Mainly seen in the context of IoT networks and Industrial IoT, Industry 4.0 or advanced IoT as the OpenFog Consortium calls it (with also 5G and artificial intelligence in the equation and its aim to ‘bridge the cloud to things continuum’) fog computing has evolved a lot since the OpenFog Consortium was launched end 2015. This is certainly also the case from the perspective of organizations having joined that consortium.
OpenFog Reference Architecture encompasses various approaches to disperse Information Technology (IT), Communication Technology (CT) and Operational Technology (OT) Services through information messaging infrastructure as well as legacy and emerging multi-access networking technologies (IEEE Draft Standard for Adoption of OpenFog Reference Architecture for Fog Computing)
Striving towards an open architecture for fog computing, the consortium had its OpenFog Reference Architecture used as the basis for a new IEEE working group, created end 2017 and working towards fog computing and networking standards. Fog computing and edge computing are on the rise as ever larger IoT projects with ever more devices (at the edge), data and different flavors of artificial intelligence added to the picture to make sense of it all faster and better with the necessary prioritizations. With 5G in IoT, with 5G far from standardized, let alone a fact, the loop of fog computing is more or less closed.
The need for standardization against the backdrop of fast fog and edge evolutions
However, even if edge computing and fog computing are certainly going to increasingly become essential in IoT and reach that stage faster in the industries and use cases where fog and edge make sense, standards, interoperability and the development of devices and of mature IoT players that are fit and smart enough for fog is essential.
Yet, here too things change fast and the IoT platform market, to give one important example, sees some established fog players. In fact, there was quite a bit of fog computing at Hannover Messe, also in the scope of edge platforms, particularly IIoT platforms with edge capabilities of course.

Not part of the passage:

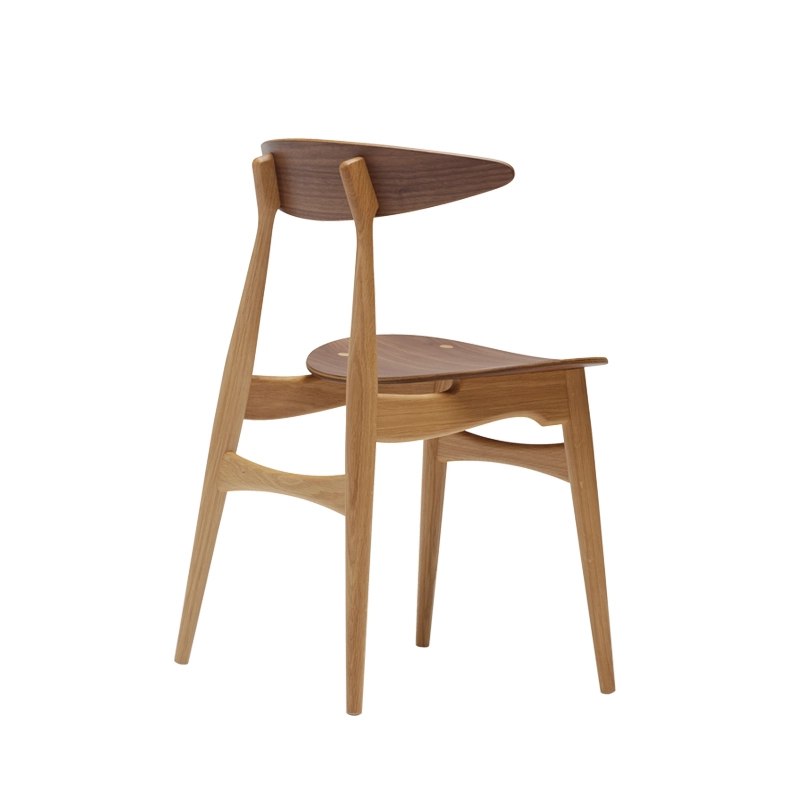 Légère et sculpturale, la chaise CH33T de Hans J. Wegner est basée sur les idées et les formes qui sont typiques de ses meilleures créations. La chaise a été conçue en 1957 pour Carl Hansen & Søn, où elle a été fabriquée pendant dix ans. Avec une pause d'environ 45 ans, la production a repris en 2012. Le design de CH33T a du caractère et des formes organiques claires. La hauteur, la profondeur et les angles de la chaise CH33T sont soigneusement définis pour s'adapter à l'occupant et les dimensions du bois sont choisies en fonction des facteurs jugés nécessaires par Wegner. Le dossier aux courbes caractéristiques est en placage pressé avec des capuchons ronds visibles. La construction en bois de la chaise Wegner a un aspect vibrant qui se prête aux intérieurs modernes.

The massive amounts of data produced, transported, analyzed and acted upon within industries such as transportation, healthcare, manufacturing and energy—collectively measured in zettabytes—is exposing challenges in cloud-only architectures and operations that reside only at the edge of the network. Fog computing works in conjunction with the cloud and across siloed operations to effectively enable end-to-end IoT, 5G and AI scenarios.
We noted the presence of leading IIoT edge fog computing platform provider FogHorn Systems (recently called “a key innovator in real edge computing and complex event processing” in IoT manufacturing platforms by ABI Research and present in Hannover with Intel and Google), fellow OpenFog Consortium industrial IoT platform relayr (rated in MachNation’s IoT Application Enablement Platform scorecard and, along with Foghorn ranked in MachNation’s IoT edge scorecard), their colleague, Gartner Cool Vendor 2017 and fog computing pioneer Flavio Bonomi’s Nebbiolo Technologies (that announced an Industrial IoT solution partnership with Toshiba Digital Solutions Corporation at the fair), Austrian TTTech (in which Samsung invested in September 2017 as part of its automotive technology investment fund) and Molex which had also signed an agreement before the event and with TTTech showing edge computing devices that are part of its Nerve platform which integrates fogOS and fogSM software from Nebbiolo, Microsoft and a bunch of other smaller and bigger vendors which offer fog solutions and are members of the OpenFog Consortium. Last but not least there was of course also Cisco.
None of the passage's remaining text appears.